Elsewhere > Regular Expressions in MySQL
Posted 2011-09-28 on viget.com
Did you know MySQL supports using regular
expressions in
SELECT
statements? I’m surprised at the number of developers who
don’t, despite using SQL and regexes on a daily basis. That’s not to say
that putting a regex into your SQL should be a daily occurrence. In
fact, it can cause more problems than it
solves, but
it’s a handy tool to have in your belt under certain circumstances.
Basic Usage
Regular expressions in MySQL are invoked with the
REGEXP
keyword,
aliased to RLIKE
. The most basic usage is a hardcoded regular
expression in the right hand side of a conditional clause, e.g.:
SELECT * FROM users WHERE email RLIKE '^[a-c].*[0-9]@';
This SQL would grab every user whose email address begins with ‘a’, ‘b’, or ‘c’ and has a number as the final character of its local portion.
Something More Advanced
The regex used with RLIKE does not need to be hardcoded into the SQL statement, and can in fact be a column in the table being queried. In a recent project, we were tasked with creating an interface for managing redirect rules à la mod_rewrite. We were able to do the entire match in the database, using SQL like this (albeit with a few more joins, groups and orders):
SELECT * FROM redirect_rules WHERE '/news' RLIKE pattern;
In this case, ‘/news’ is the incoming request path and pattern
is the
column that stores the regular expression. In our benchmarks, we found
this approach to be much faster than doing the regular expression
matching in Ruby, mostly because of the lack of ActiveRecord overhead.
Caveats
Using regular expressions in your SQL has the potential to be slow.

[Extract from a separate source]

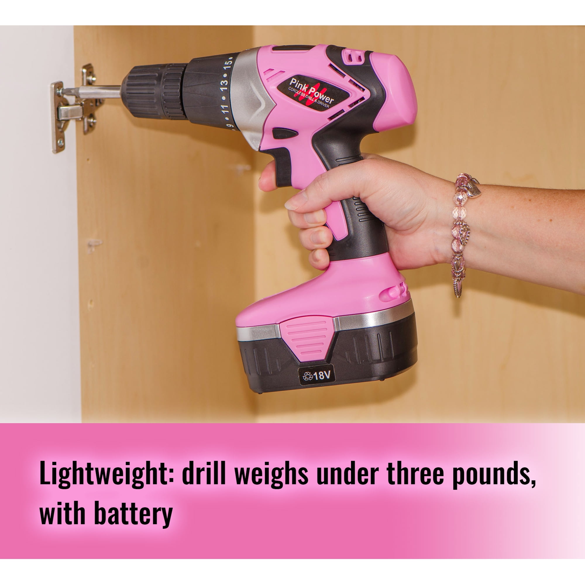 All inclusive power tool set: Each pink tool kit includes (1) PP182 18V NiCad power drill, (2) NiCad 18V batteries, (1) PP481 3.6V electric screwdriver, (1) tool case, a battery charger specific to each tool, a drill bit set, and a full three-year warranty. Trigger activated led light for dark workspaces: The 18V compact, cordless drill driver features a built-in LED light that activates when triggering the drill. The two speed settings help improve accuracy while the magnetic base is perfect for holding loose screws or bits. Lightweight with soft grip handle: The PP182 electric drill weighs just under 3.5lbs, with the battery, so it is easy for anyone to use. The perfect addition to any hand tool or power tool set. Battery gauge shows remaining power level: Each 3.6V cordless electric screwdriver weighs less than 12 ounces and comes with a 12 piece bit set. The trigger activated LED work light and 200 RPM motor will help you start any home improvement project, while the built-in battery gauge shows remaining power level so you’re never surprised by a low charge. Pivoting handle for tight workspaces: The PP481 power screwdriver features a patented pivoting head which enables it to fit into tighter workspaces. Use as a right-angle screwdriver (pistol grip), or press a button on the handle to rotate the unit straight.
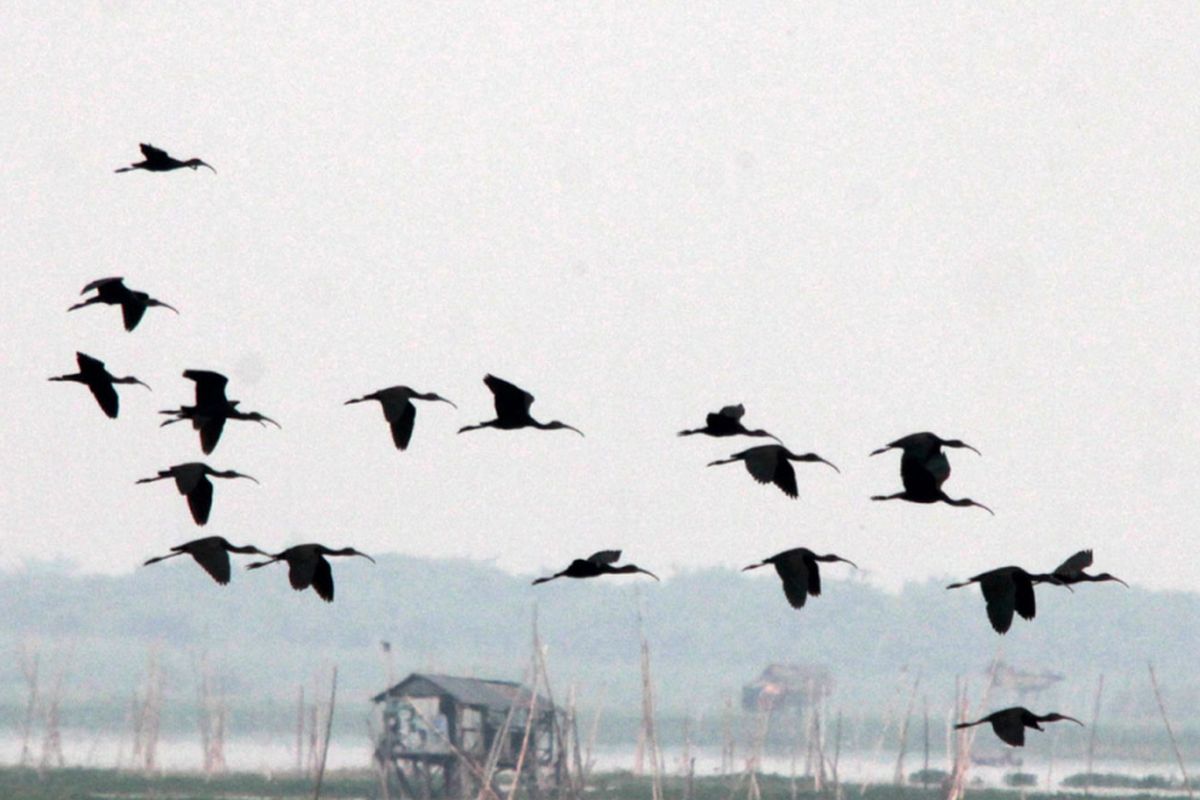 Di Danau Limboto, Ratusan Burung Ibis Rokoroko Terlihat Mencari Makan

These queries can’t use indexes, so a full table scan is required. If
you can get away with using LIKE
, which has some regex-like
functionality, you should. As always: benchmark, benchmark, benchmark.
Additionally, MySQL supports POSIX regular expressions, not PCRE like Ruby. There are things (like negative lookaheads) that you simply can’t do, though you probably ought not to be doing them in your SQL anyway.
In PostgreSQL
Support for regular expressions in PostgreSQL is similar to that of
MySQL, though the syntax is different (e.g. email ~ '^a'
instead of
email RLIKE '^a'
). What’s more, Postgres contains some useful
functions for working with regular expressions, like substring
and
regexp_replace
. See the
documentation
for more information.
Conclusion
In certain circumstances, regular expressions in SQL are a handy
technique that can lead to faster, cleaner code. Don’t use RLIKE
when
LIKE
will suffice and be sure to benchmark your queries with datasets
similar to the ones you’ll be facing in production.